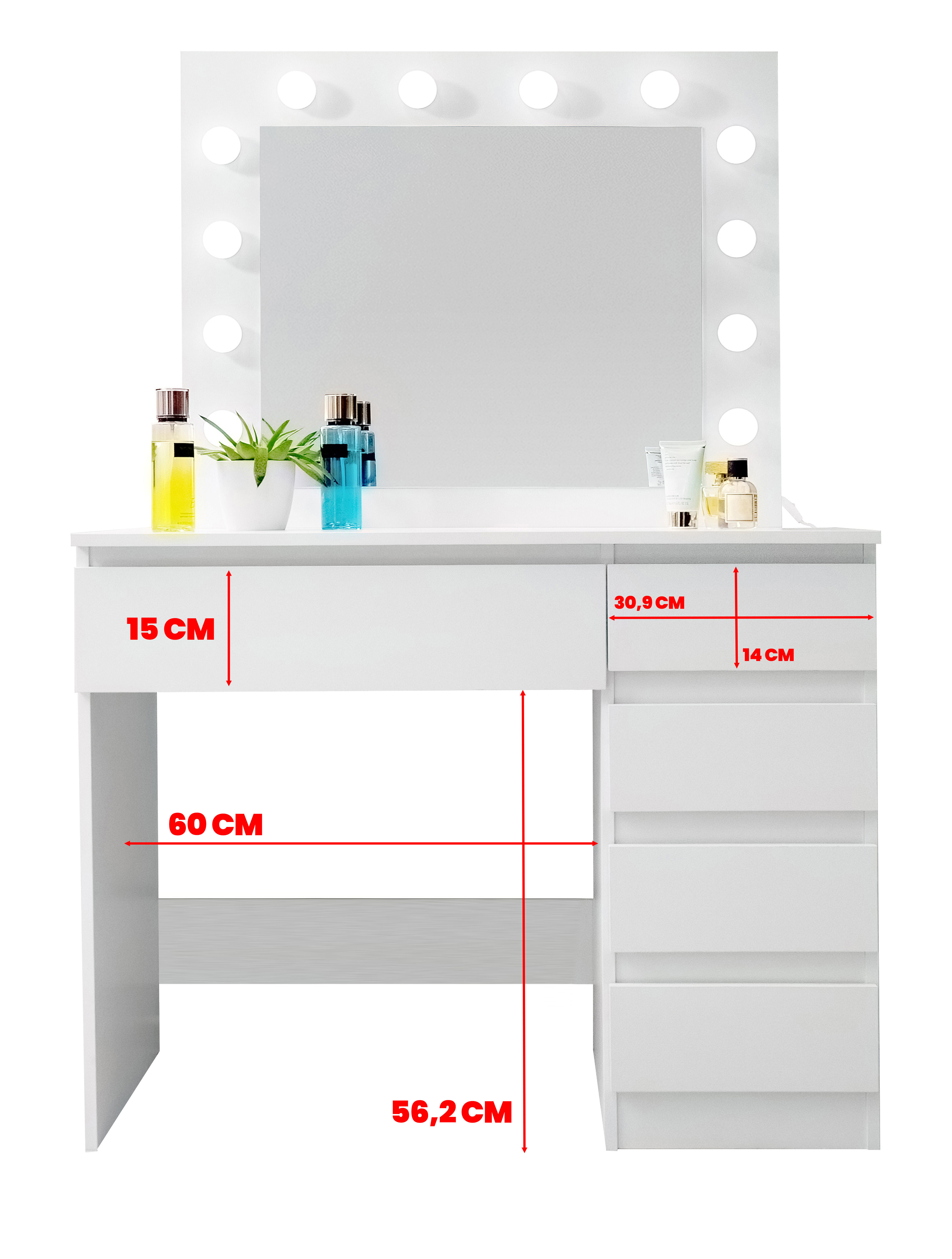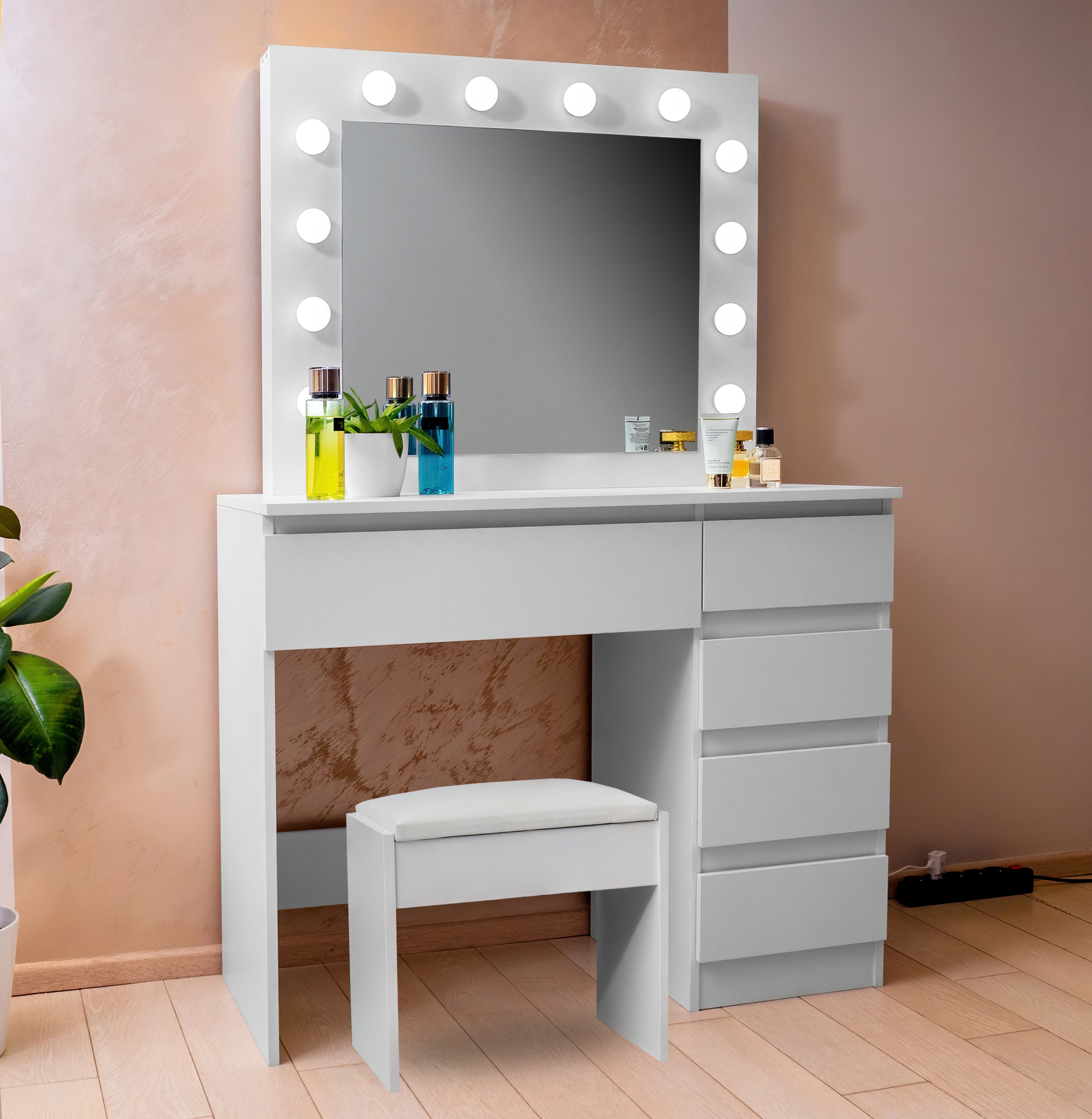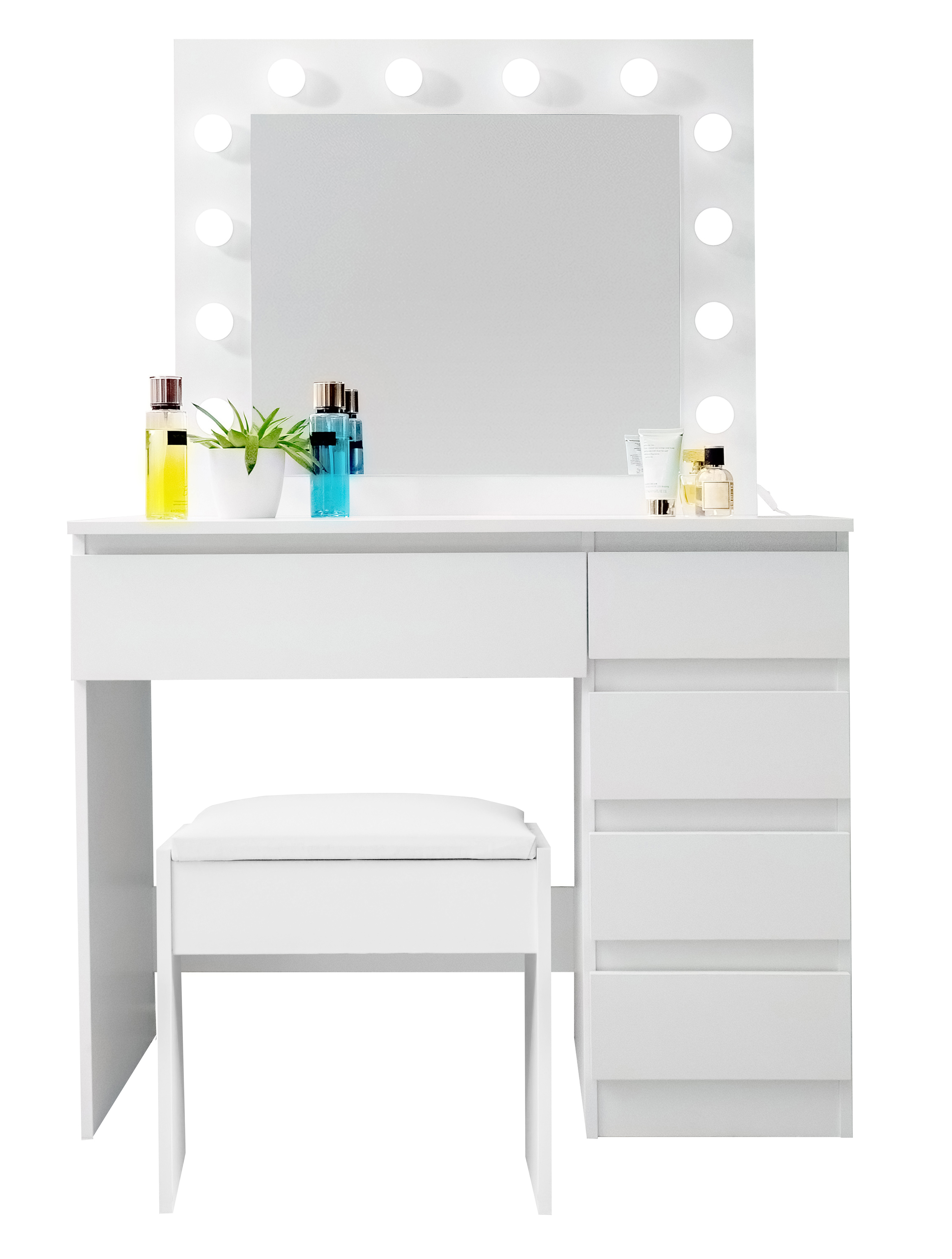 V zrkadle je 12 žiaroviek LED, takže sa môžete pohodlne líčiť aj pri slabom prirodzenom svetle.Stolička je vyrobená z kvalitnej mäkkej peny, na ktorej môžete sedieť celé hodiny.
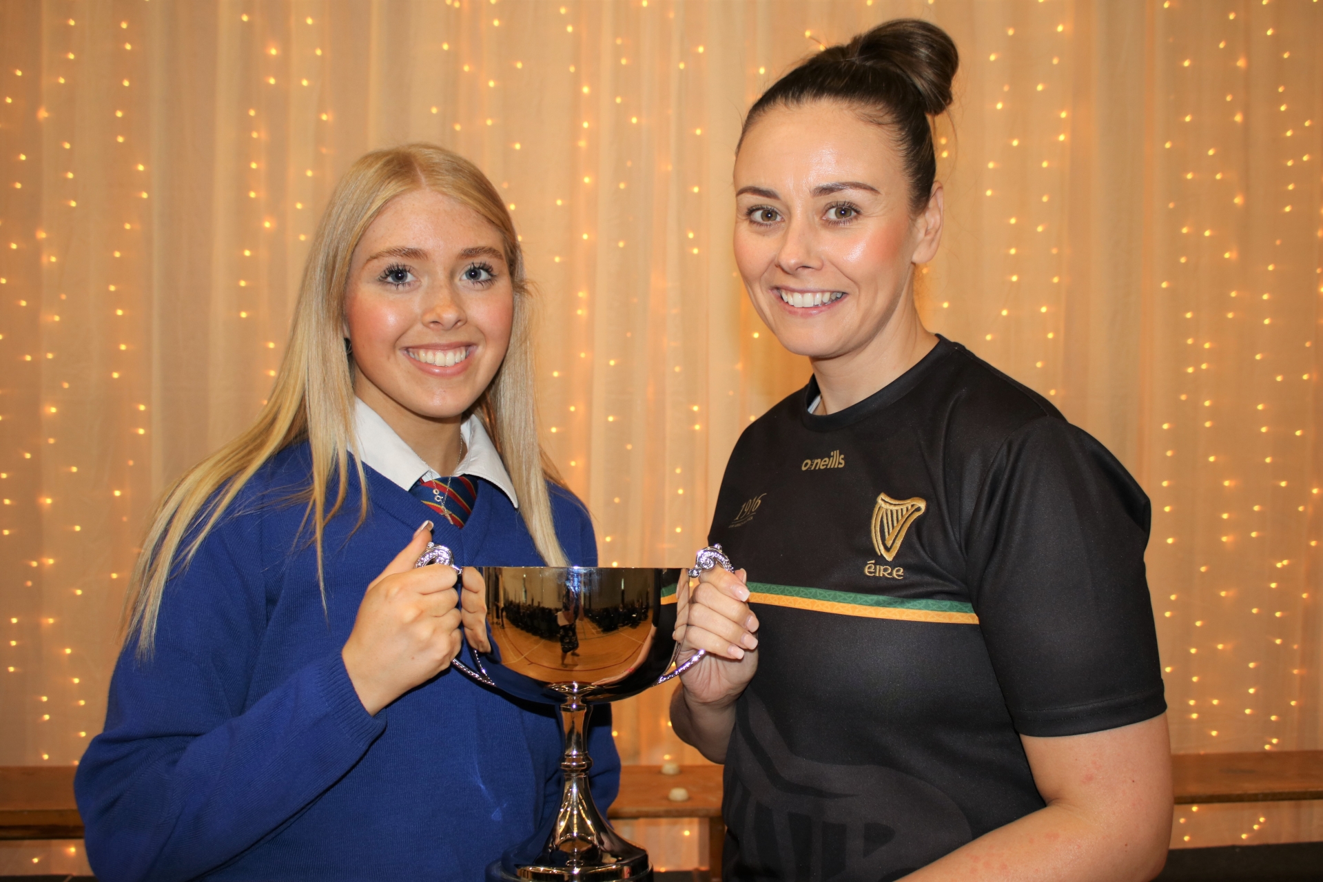 Below: Elizabeth McNulty presents The Senior Physical Education Award to Grainne Moran
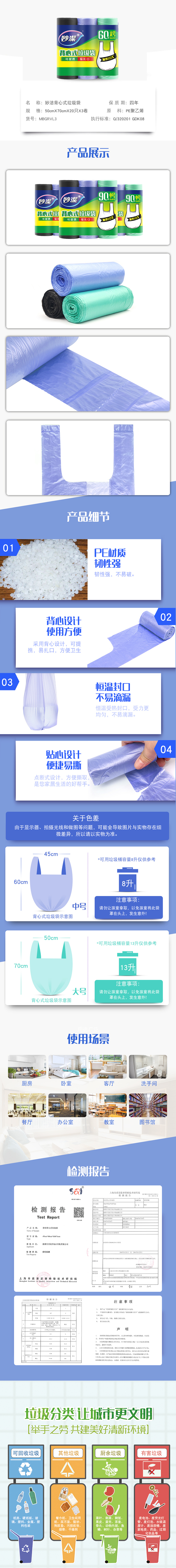 妙洁背心式垃圾袋大号超值装20只*3卷 灰蓝色

■ REQUIREMENT
Repeat the listing above word for word and leave its images out.

■ ANSWER SECTION
 V zrkadle je 12 žiaroviek LED, takže sa môžete pohodlne líčiť aj pri slabom prirodzenom svetle.Stolička je vyrobená z kvalitnej mäkkej peny, na ktorej môžete sedieť celé hodiny.
 Below: Elizabeth McNulty presents The Senior Physical Education Award to Grainne Moran
 妙洁背心式垃圾袋大号超值装20只*3卷 灰蓝色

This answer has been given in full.